Or....closer to the hospitals, which Palma Ceia is to a few in the area vs Lutz...
 
So, what is the word from the J Ville Krewe? Goldmom, Tex, Tommynole (where is he these days), and all others.... hanging in there or got flood problems?

76,000 without power in SJC, today wasn't too bad, but warms up tomorrow so everyone's fingers are crossed. My neighbor is a sheriff deputy for SJC and he said Vilano beach was rocked. A lot worse down here than Matthew. 1 death in Ponte Vedra area.

Downtown Jax got worked with flooding, got texted today not to go to office tomorrow.
 
We're on day 2 without power. North of 210 is JEA and they're all restored. Those of us south of 210 are FP&L and anxiously awaiting power restoration.

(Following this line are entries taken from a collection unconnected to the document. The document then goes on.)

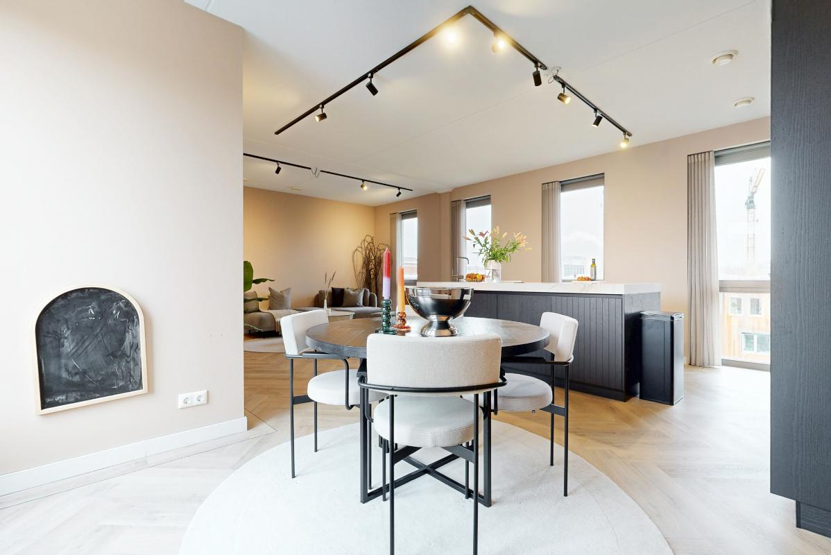 De vierde verdieping vormt het hart van de woning. Hier vind je de lichte en ruime woonkamer met voldoende plek voor een comfortabele zithoek. De open leefkeuken met strak kook-/spoeleiland en wandopstelling is modern uitgevoerd en voorzien van alle benodigde inbouwapparatuur. Aansluitend bevindt zich de eethoek met directe toegang tot het royale balkon op het zuiden – een heerlijke plek om van de zon te genieten. Vanaf het balkon is tevens extra bergruimte bereikbaar. Via de fraai aangelegde, gemeenschappelijke binnentuin bereik je de privéparkeerplaats en berging in de ondergelegen garage. De omgeving is groen, rustig en onderhoudsvriendelijk, met volop privacy.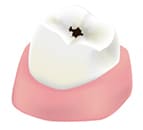 虫歯ができ始めの状態。定期健診で早めに虫歯を発見し、すぐに治療できます。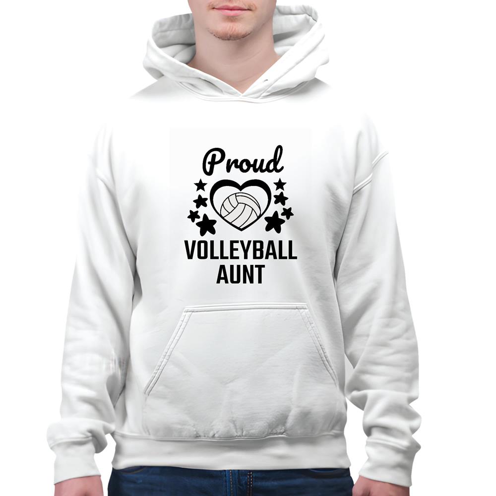 Proud Volleyball Aunt Heart for Volleyball Player White and Muticolor Unisex Hoodie

Minimal damage in my neighborhood but the ponds flooded. The underpass at 95 and 210 is flooded on one side
 
Honestly, your post strikes a note with me, as I have always enjoyed storms. Not only is the power and beauty of them something to marvel at, being tested and engaged by them is something that for some reason I am drawn towards.
Call me crazy or whatever, a soft and unchallenged lifestyle is of no interest. If untold riches fell in my lap, leisure is not where I would be drawn... as time moves on I wish for less material shat, but more physical/mental challenge.
You, by the way, show all the signs of a trail runner at an age that many retreat inside. Well done, sir.
You get it, thanks for the kind words. Back on the trails again, family doctor said that conventional opinion about runners knee treatment is being challenged, that movement is actually good for healing and repair. He told me to start back up, cut back in duration and vertical for the time being, so far so good.
 
I'm in a small town west of Hogtown. We had the worst around 2:00 - 3:00 AM Monday. I haven't seen anything official but we were supposed to get winds in the 70's. It sounded pretty nasty but no damage to my place. Just some limbs around the yard. We never even lost power.
 
It's a beautiful morning and the garbage trucks are running in my neighborhood, sounds of "normal"!
It's just disheartening to see the damage on TV and to think 50% of us are without power. What a frustrating thing. I hope everyone has a good day - as best as you can.
 
Got ours back at 10:30 this morning. Finish debris cleanup and then IPA time.
 
So which model predicted Irma's path the best?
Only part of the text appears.